Luca Veiga Balbueno aguarda a inclusão do nome social nos documentos para que possa exercer plenamente sua cidadania – Foto: Vitória Sofia Buchner Gaiotto/Ascom DPE-PR

Mesmo com a orientação prestada no mutirão, ainda há entraves, e alguns cartórios se recusam a fazer as alterações. “Tivemos casos em que cartórios impuseram condições que não constavam do provimento do CNJ. Eram exigências indevidas. Tivemos que fazer recomendações ao cartório e, em alguns casos, até reclamações à ouvidoria, mas foram contratempos que foram contornados graças a essa atuação imediata”, disse Mariana Nunes. “Esse tipo de reação revela a transfobia que ainda existe na nossa sociedade”, resumiu.
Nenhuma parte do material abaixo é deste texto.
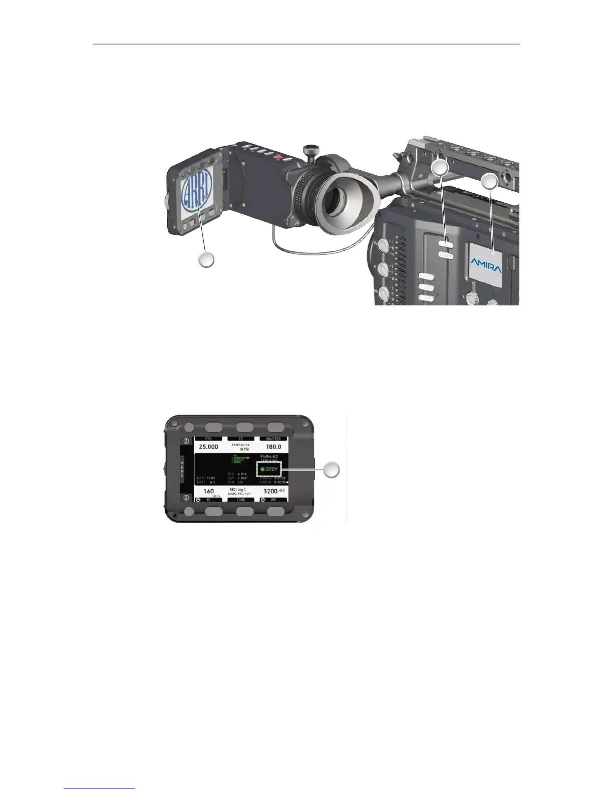2. The ARRI and AMIRA logos appear in the audio display (2) and monitor (3).

Outro entrave está diretamente relacionado a quem provém de outros estados ou municípios. O processo de retificação precisa ser finalizado no cartório em que a pessoa foi registrada. Ela até pode assinar o requerimento final em qualquer serventia de registro civil, mas, para efetivar a mudança de prenome e/ou gênero, o documento precisa ser remetido ao cartório onde foi registrada. Para esse envio, é preciso pagar uma taxa de remessa entre os cartórios, que custa 250 reais – mesmo para quem depende do expediente da justiça gratuita.
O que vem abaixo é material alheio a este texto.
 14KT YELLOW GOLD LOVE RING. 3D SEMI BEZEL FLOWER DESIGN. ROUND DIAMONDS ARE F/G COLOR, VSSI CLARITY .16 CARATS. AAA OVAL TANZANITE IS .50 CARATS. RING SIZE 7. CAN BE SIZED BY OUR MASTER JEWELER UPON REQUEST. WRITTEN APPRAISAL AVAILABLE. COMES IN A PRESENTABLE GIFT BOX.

 “A gente entende essa cobrança como despropositada, porque quem é usuário da Defensoria não vai ter condições de pagar essa taxa. Isso inviabiliza o acesso ao direito. Temos enviado ofícios aos cartórios pedindo que a retificação seja feita sem custo, argumentando que temos fé pública e que a pessoa preencheu o requerimento na nossa frente. Alguns cartórios têm aceitado, mas muitos não”, disse o coordenador do Núcleo da Cidadania e Direitos Humanos, da DPE-PR, Antonio Vitor Barbosa de Almeida. “Estamos questionando a cobrança dessa taxa junto ao CNJ”, acrescentou.

Um dos últimos atendidos do mutirão, Vicente Leôncio Mahle estava confiante quando deixou o prédio da Defensoria, no fim da tarde de 10 de junho. Após o atendimento que durou 16 minutos, ele saiu com o encaminhamento de que precisava. Filho biológico de uma prostituta e de um traficante, ele foi adotado pela sua família aos 9 anos de idade. Chegou a morar na rua, onde passou por “maus bocados”. Quando se assumiu homem trans há dois anos, enfrentou resistência dos pais e foi morar com a avó, “para dar tempo ao tempo”. 
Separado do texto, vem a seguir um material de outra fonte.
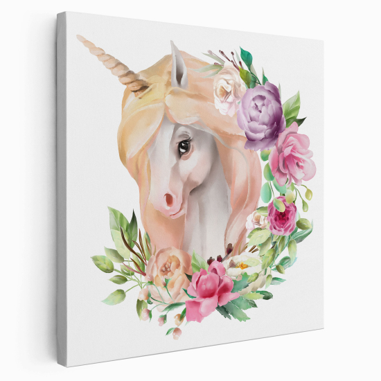 Leinwandbild für Kinderzimmer - Einhorn Blumen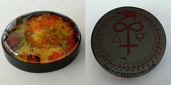 | Cacher Geocoin Deadliest Cache(Orange/Yellow/Red), BlackWidow, Cammo, No epoxy (Blue/Red/Green), |

Vicente Leôncio Mahle: “O dia que eu pegar meu documento com meu nome social vai ser meu novo aniversário” – Foto: Vitória Sofia Buchner Gaiotto/Ascom DPE-PR

“Minha mãe teve resistência não por ser contra, mas porque tinha receio do que eu poderia passar, dizendo que eu já tinha sofrido muito na vida. Minha avó, de 77 anos, foi quem mais me apoiou. Pegou computador e foi estudar, entender as siglas, foi se informar. Hoje, vira e mexe, meu pai ainda desliza, me chama pelo pronome errado ou pelo nome de registro, mas estamos no caminho. Somos um lar acolhedor”, observou. “Quem não tinha a mente aberta, abriu na porrada”, brincou.

Em junho do ano passado, Mahle começou o tratamento hormonal. Quem lhe aplicou a primeira dose foi a mãe, enfermeira. Agora, a alteração do prenome e do gênero em seus documentos pessoais será mais um passo em seu processo de identidade de gênero. “Quando alguém nos chama pelo nome, faz diferença enorme. O dia que eu pegar meu documento com meu nome social vai ser meu novo aniversário. Vai ser como se eu tivesse passado no vestibular”, definiu. “Estou recebendo muito apoio da família, de amigos, de colegas… Eu mandei mensagem para a minha mãe, avisando que o processo estava encaminhado, ela ficou super feliz. Assim que eu chegar em casa, a gente vai pedir pizza para comemorar”, disse.